Regardless both are not well understood and it should be obvious that the intrinsic dynamics are different just like they are for natural water springs and man made vertical wells.
There are several problems with 3D seismic for reservoir dynamics. The first is that seismic measurements tell us nothing directly about permeability. What we do learn, in a very indirect manner, is the P-wave velocity, the S-wave velocity, and the density of the reservoir.
There are a number of limitations with what we can do with seismic information:
The result is that 3D seismic exploration becomes more expensive and less effective as the area of a prospect gets smaller, as the target gets deeper, and as the porosity decreases.
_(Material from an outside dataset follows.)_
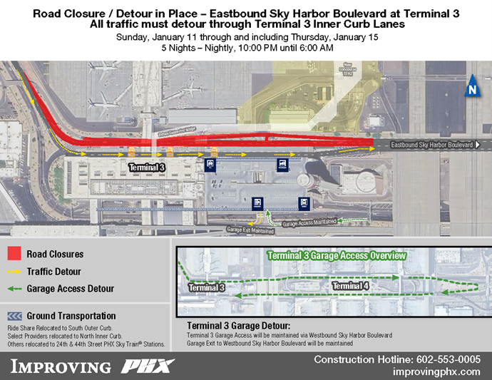 - Terminal 3 Garage Detour: Terminal 3 Garage access and exit will be maintained on the south side via Westbound Sky Harbor Boulevard.

We've already found all the big, shallow, high porosity fields. Now we're looking for fields that are deep, small or low porosity (or all three).
ROCK
Thanks for the comeback, you and those responding to your post have shed a lot of light in a most compact fashion.
Heading Out, thank you for such an informative post. I am not an engineer, far from it, but i continue to learn, and my daughter graduates this december from University of Texas with a degree in geology. not sure where she got those smarts from. anyway, i'd like to talk about the haynesville shale, specifically horizontal wells. a seismic was recently conducted on my land, and the geologist look at that seismic data to determine where to drill. when the spot has been chosen, which it has, they plan to drill about 4 miles in length. i think that was the # given. it might be more like 4800 ft long. anyway, i am aware that the hydraulic fracturing process includes lots (millions of gallons)of water, but the haynesville shale has been giving a very high first year depletion rate, somewhere in the range of 80% plus or minus 10 the first year. Question: why can't the drillers stop after 3 or 4 months when the flow rate drops and re-frac or set small charges along the length of the well line to capture the other trapped oil/gas in the rock around the length of the well? I am not sure if they do anymore fracing after the initial frac job to start the flow. would it be detrimental to the well casing if they did that?
The easiest time to work on a well is when it is first put in, and all the equipment and access are readily available. One of the technical breakthroughs that I will write about as the series continues relates to horizontal wells, and the multiple fracing tools that are now available.
Frac spacing and the lengths achieved and performance are all going to be controlled by the circumstance at that particular well.
On the other hand wells are worked over after production, if the perceived result covers the cost of the treatment, but again it comes down to return on investment.
thank you for your input, i look forward to seeing more of your posts.